Hashing is a method used in machine learning for grouping categorical data, and it is especially useful when the entire variety of categories is huge, but only a subset of those categories occurs in the dataset.
For instance, there are around 73,000 different kinds of trees on Earth. The 73,000 different tree species might be divided into 73,000 different categories. On the other hand, assuming there are only two hundred species currently included in your data set, you might use hashing to classify trees into possibly 500 groups.

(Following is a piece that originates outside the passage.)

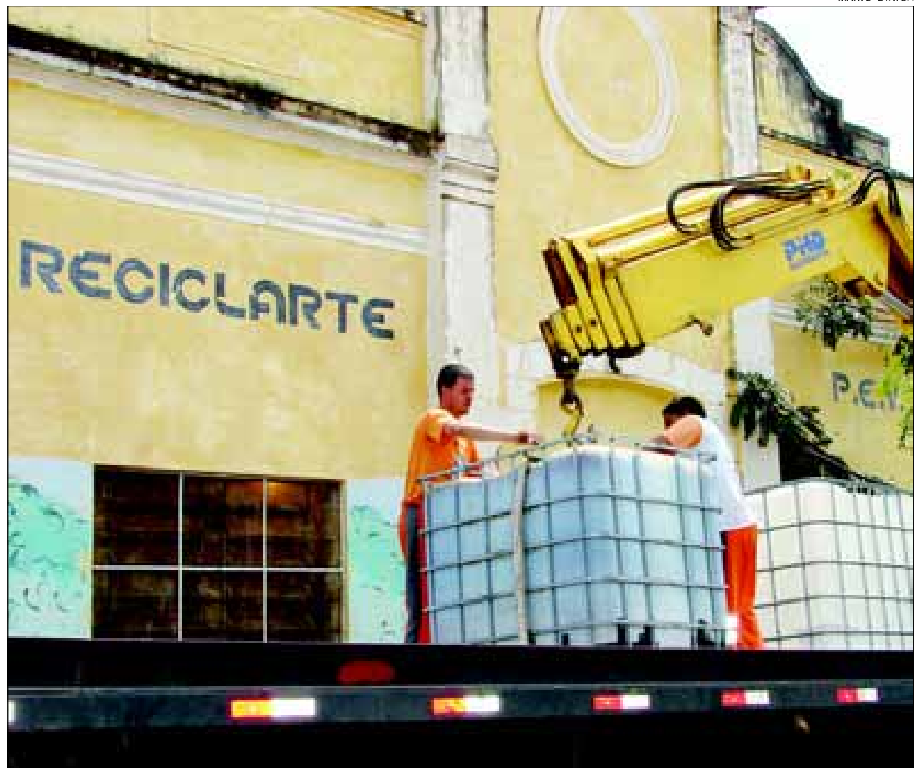
Os 1.000 litros de resíduo de óleo vegetal (de cozinha) coletados foram destinados para a produção de Biodiesel, destino ecologicamente correto

A coleta de resíduo de óleo de cozinha no município continua e conta com a participação de toda a população, para que possamos evitar que maior volume de resíduo de óleo comprometa a água saudável de nossas futuras gerações.

It’s possible to store many species of trees in the same bucket. The hashing process may group together genetically distinct species, such as the baobab and the red maple. Nonetheless, hashing remains a useful technique for partitioning huge classified collections into the required granularity. By algorithmically grouping data into hash values, hashing reduces the number of potential values for a category characteristic from a big number to a considerably smaller number.
Application of Hashing in the AI
Hashing is used in many different AI applications, such as:
Data storage and retrieval
In the context of databases and search indexes, hashing is often used to generate one-of-a-kind identities for data records. It is possible to produce a unique identifier, or hash code, for each record by hashing its primary attributes, such as name or ID, which then allows for more efficient storage and retrieval.

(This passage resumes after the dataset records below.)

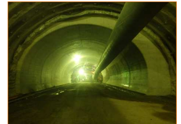
覆工完了区間（非常駐車帯入口）
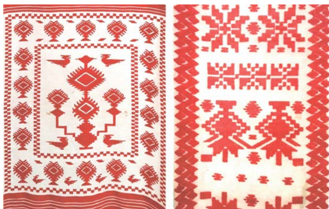
Рис. 1. Кролевецькі рушники (фрагменти). Фонд Музею Кролевецького ткацтва (XIX – поч. XX ст.).

Проблему визначення геометричного орнаменту можна прослідкувати на прикладі кролевецьких тканих рушників (рис. 1). З одного боку, весь орнамент складається зі спрощених геометричних фігур, що дає підстави віднести даний орнамент до геометричного. З іншого боку, можна чітко прослідкувати зображення птахів і квітів, завдяки чому можна використати поняття «зооморфний» та «рослинний». У публікаціях, що стосуються кролевецьких рушників (Заїка, 2017; Серих, 2017), елементи орнаменту рушників відносять і до геометричних, і до орнітоморфних, і до рослинних, що піддаються геометризації.
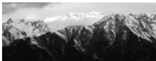
Pico Castanesa igoko dute igandean. HITZA

Oargi Mendi Elkarteak irteera antolatu du datorren astebururako, hau da, hilaren 24tik 26ra, Ixeia-Castanesara (Benasque). Ostiraletan Tolosatik Villanovara joango dira, eta larunbatean Aguja D'Ixeia gailurra (2.835m) igoko dute. Azken egunea, igandean, Pico Castanesa (2.856m) igoko

Password and data security
To ensure the safety of passwords or other sensitive data, hashing is often used to encrypt the data before it is stored or verified. It is practically impossible to decode the original data from a hash code since hash algorithms provide fixed-length hash values for each input.
Data deduplication
Hash tables may be used to find and eliminate duplicates in huge data sets, saving time during data processing and analysis. Data records may be compared for duplicates by calculating their hash values and comparing them.
Machine learning
Hashing is a key component of machine learning, where it is used to create feature vectors from raw data. Training and inference times may be slashed by employing hashes of the input data as features.
Information retrieval
A hash algorithm is used to develop index structures like hash tables, cuckoo filters, and bloom filters for information retrieval. By keeping a concise representation of vast data sets, these structures make it easy to search and retrieve them.